Actuellement ses œuvres sont exposées dans trois grands prestigieux endroits culturels du monde, notamment aux Etats-Unis à Wilson, en Allemagne au musée de cinq continents de Munich et à Arles en France en collaboration avec la galerie Z.
En 2018, il figure parmi les 100 photographes exposés au festival de Wilson. Il reçoit le prix de la Fondation Blachère, et expose à Stories en Égypte, ainsi qu’aux Rencontres Internationales d’Art Contemporain d’Alger. Son travail est aussi présenté à Stockholm, en Suède.
Ses œuvres attirent l’attention de grandes ONG (HCR, Handicap International, PNUD, MSF, etc.) et de nombreux médias internationaux (Le Monde, Libération, IS, One World, etc.). Ses images sont publiées dans des magazines et catalogues de renom, tels que L’Insensé et Aperture.
Korêdouga : le studio qui fait sourire l’Europe
En octobre 2023, Seydou Camara lance un projet culturel unique à Amsterdam : un studio photo éphémère rendant hommage aux Korêdouga, ces « bouffons sacrés » du Mali, membres d’une confrérie traditionnelle aux habits bigarrés et porteurs de joie.

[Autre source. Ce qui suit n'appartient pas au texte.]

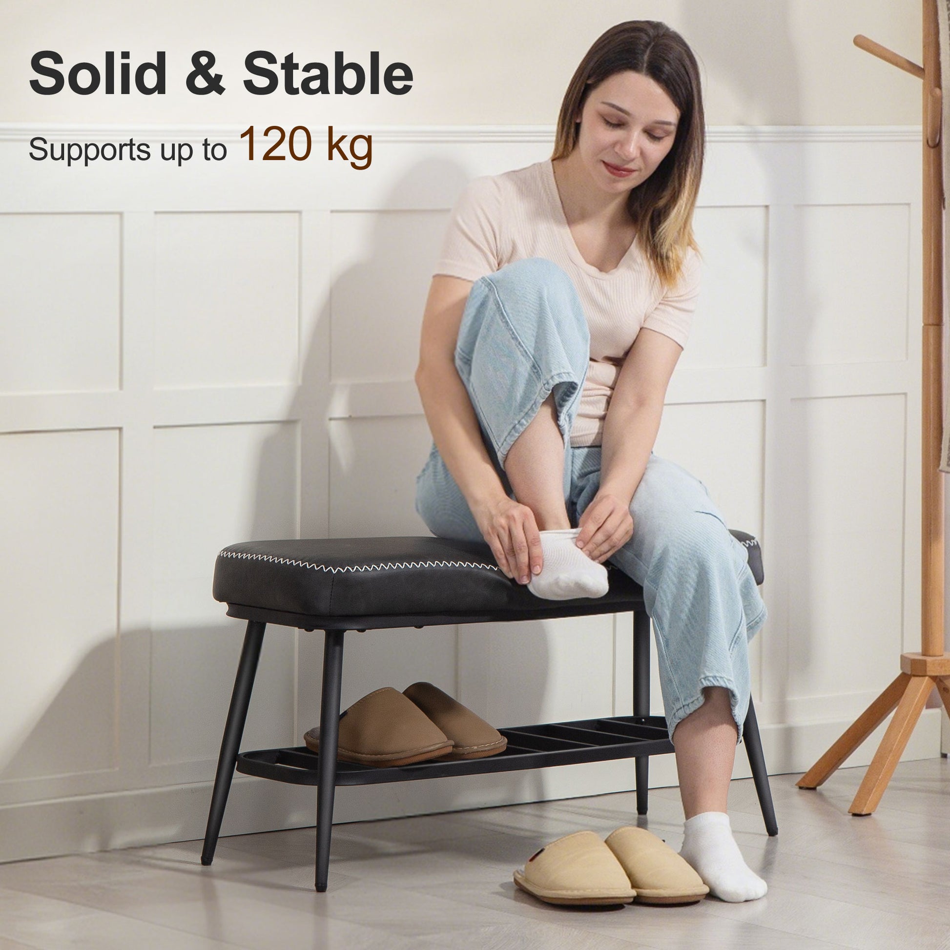 HOMCOM PU Leather Shoe Storage Bench - Charcoal Grey

Ce studio démontable, décoré de tissus multicolores à l’image des Korêdouga, contient des boubous et des objets rituels. Les participants s’y font photographier en dansant au rythme de la musique, dans un moment de joie partagée.
« Ces objets sacrés nous permettent de capter la joie et de faire naître des milliers de sourires, même parmi ceux qui traversent des moments sombres. C’est ce que nous avons vécu avec les réfugiés ukrainiens dans un camp près d’Amsterdam », raconte Seydou Camara.
De retour à Amsterdam en 2024, les membres de YamarouPhoto ont animé des conférences lors du festival Africadag, pour faire découvrir au public la philosophie des Korêdouga à travers la photographie.
Un nouveau rendez-vous pour la culture malienne
En 2025, YamarouPhoto ambitionne d’organiser un grand événement culturel : IBI, une cérémonie visant à récompenser les meilleurs acteurs culturels du Mali sur les trois dernières années.
« Ce sera un événement unique au Mali, inshallah », promet Seydou Camara.
Seydou Camara incarne une génération d’artistes engagés, capables de faire dialoguer tradition et modernité, local et international, art et action sociale. Par son regard, il réinvente le rôle du photographe : non plus simple témoin, mais acteur du changement.